(Beginning of Recorded data)

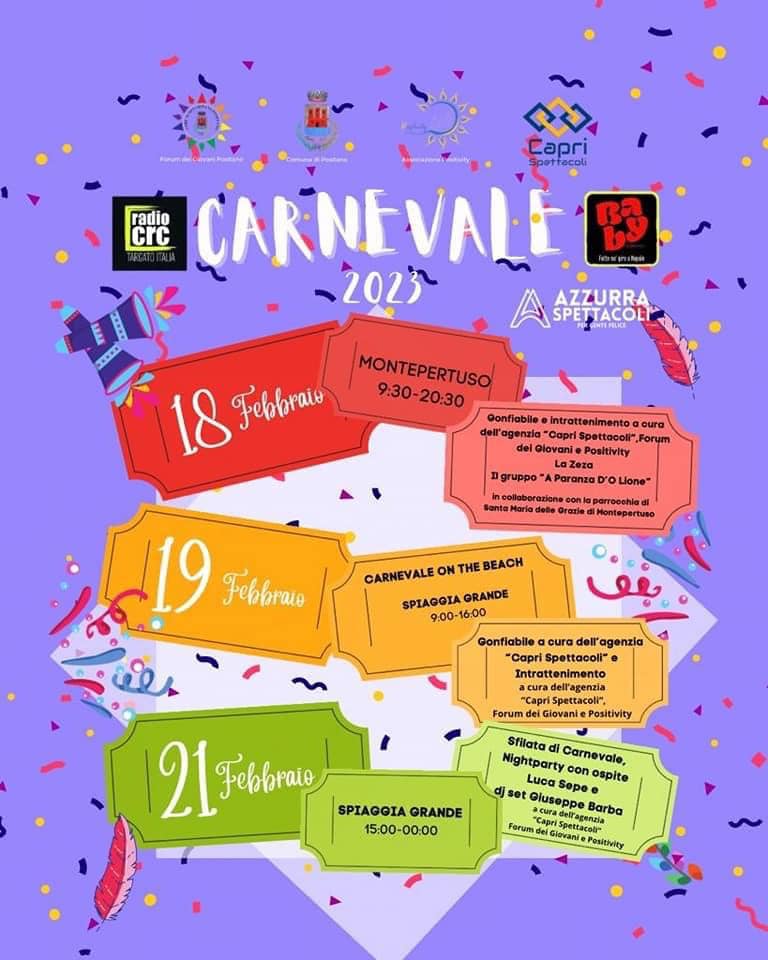Sarà un Carnevale all’insegna della spensieratezza, del divertimento e di tanti interessanti appuntamenti quello che si svolgerà a Positano a partire dal prossimo fine settimana.
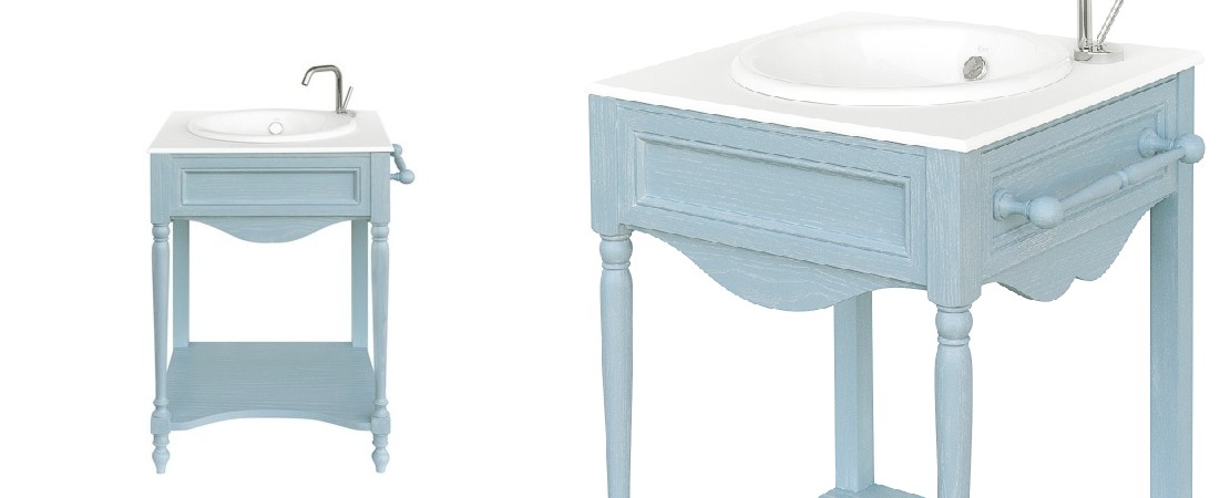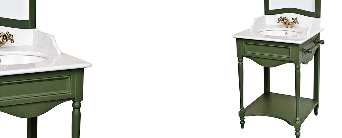 Mobile da bagno 8448 in legno con specchio e piano in marmo.
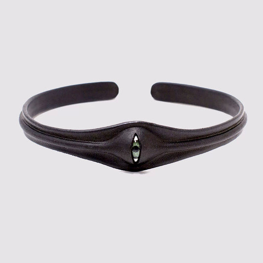 Handmade Italian Leather Eyeball Choker - 2-in-1 Gothic Wrap Bracelet - Unique Avant-Garde Accessory for Women & Men.
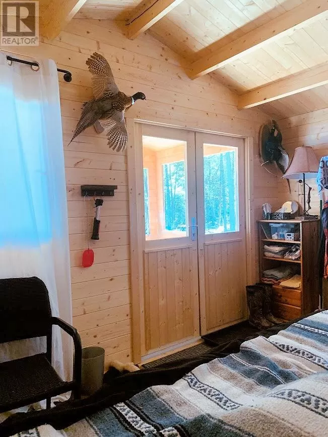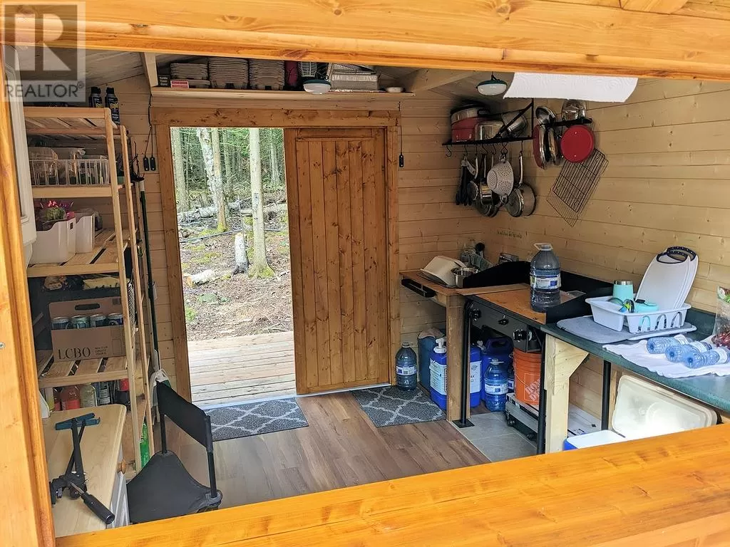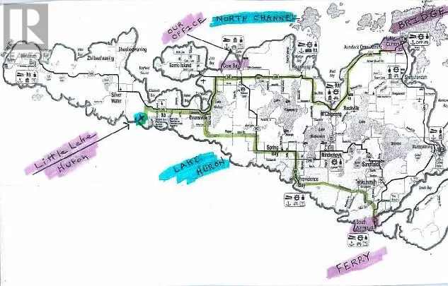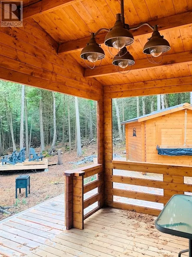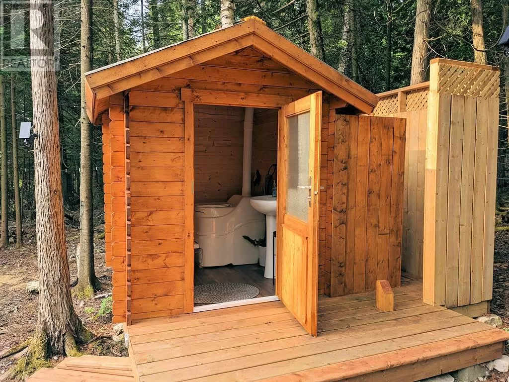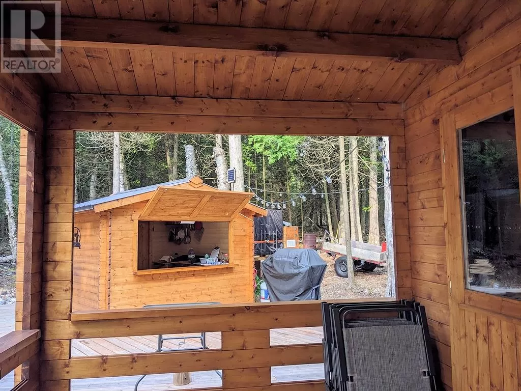 Your piece of paradise along the shores of Little Lake Huron, this rustic stacked log cabin is nestled off the beaten path among the cedar trees. Secluded west end of Manitoulin Island in the unorganized township of Robinson near Silver Water, this charming 3 season cabin beckons with its rustic charm and peaceful ambiance. Parking for 4 vehicles and accessible via a privately maintained road, this property is secluded and private being the perfect escape from the city. The main cabin with a covered porch has a queen size bed, The kitchen and bathroom buildings are all connected by spacious decking. There are solar lights, propane heat and cooking, hot water with generator backup. The bathroom has a modern (2 year old) composting toilet and sink plus a charming outdoor shower. The firepit is the perfect spot for evening drinks and roasting marshmallows, with lots of wood cut and ready for use. The 10x10 tent platform is ready for overnight guests with tent included. Spend your day swimming, fishing or paddling around the warm waters of Little Lake Huron with 104 feet of water frontage and a 16 feet aluminum dock. Take the ATV, just a few minutes ride, down to beautiful Sand Bay with the white bluffs and cooler waters of Lake Huron. With propane heat, this property is perfect in the fall as well. Enjoy the changing colours and if you are a hunter, there are ample deer and small game frequently on the property. Turnkey and ready for your summer memories with a 8x6 feet metal storage shed, propane BBQ, 4 Muskoka chairs, patio table and 4 chairs, Honda ATV, ATV trailer, gas water pump and gas backup generator, all included. $129,000 (1620) (id:27476)
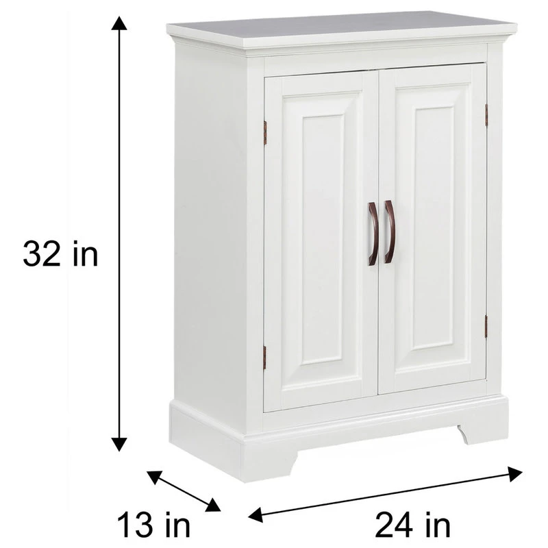 Upgrade your home storage while adding modern style with the Elegant Home Fashions St. James Wooden Floor Cabinet with 3 Shelves. This decorative cabinet features a sleek white finish with a crown molded top and a minimalist silhouette for a beautiful addition to your space. The 3 included interior shelves make this cabinet a functional solution to your storage needs. Constructed from durable engineered wood, this storage unit is built to provide you with long-lasting organization. Easy, step-by-step instructions and all of the hardware needed for installation are included for quick assembly. Purchase this stylish floor cabinet alone or with other items from the St. James collection for a cohesive, updated look. The Elegant Home Fashions St. James Wooden Floor Cabinet with 3 Shelves measures 24″ x 12.5″ x 32″ to provide accessible storage without taking up too much space in your living area or bathroom.

(End of Recorded data)

_Required action_: Line by line, transcribe the records exactly, omitting the images.

_Solution_:
Sarà un Carnevale all’insegna della spensieratezza, del divertimento e di tanti interessanti appuntamenti quello che si svolgerà a Positano a partire dal prossimo fine settimana.
 Mobile da bagno 8448 in legno con specchio e piano in marmo.
 Handmade Italian Leather Eyeball Choker - 2-in-1 Gothic Wrap Bracelet - Unique Avant-Garde Accessory for Women & Men.
 Your piece of paradise along the shores of Little Lake Huron, this rustic stacked log cabin is nestled off the beaten path among the cedar trees. Secluded west end of Manitoulin Island in the unorganized township of Robinson near Silver Water, this charming 3 season cabin beckons with its rustic charm and peaceful ambiance. Parking for 4 vehicles and accessible via a privately maintained road, this property is secluded and private being the perfect escape from the city. The main cabin with a covered porch has a queen size bed, The kitchen and bathroom buildings are all connected by spacious decking. There are solar lights, propane heat and cooking, hot water with generator backup. The bathroom has a modern (2 year old) composting toilet and sink plus a charming outdoor shower. The firepit is the perfect spot for evening drinks and roasting marshmallows, with lots of wood cut and ready for use. The 10x10 tent platform is ready for overnight guests with tent included. Spend your day swimming, fishing or paddling around the warm waters of Little Lake Huron with 104 feet of water frontage and a 16 feet aluminum dock. Take the ATV, just a few minutes ride, down to beautiful Sand Bay with the white bluffs and cooler waters of Lake Huron. With propane heat, this property is perfect in the fall as well. Enjoy the changing colours and if you are a hunter, there are ample deer and small game frequently on the property. Turnkey and ready for your summer memories with a 8x6 feet metal storage shed, propane BBQ, 4 Muskoka chairs, patio table and 4 chairs, Honda ATV, ATV trailer, gas water pump and gas backup generator, all included. $129,000 (1620) (id:27476)
 Upgrade your home storage while adding modern style with the Elegant Home Fashions St. James Wooden Floor Cabinet with 3 Shelves. This decorative cabinet features a sleek white finish with a crown molded top and a minimalist silhouette for a beautiful addition to your space. The 3 included interior shelves make this cabinet a functional solution to your storage needs. Constructed from durable engineered wood, this storage unit is built to provide you with long-lasting organization. Easy, step-by-step instructions and all of the hardware needed for installation are included for quick assembly. Purchase this stylish floor cabinet alone or with other items from the St. James collection for a cohesive, updated look. The Elegant Home Fashions St. James Wooden Floor Cabinet with 3 Shelves measures 24″ x 12.5″ x 32″ to provide accessible storage without taking up too much space in your living area or bathroom.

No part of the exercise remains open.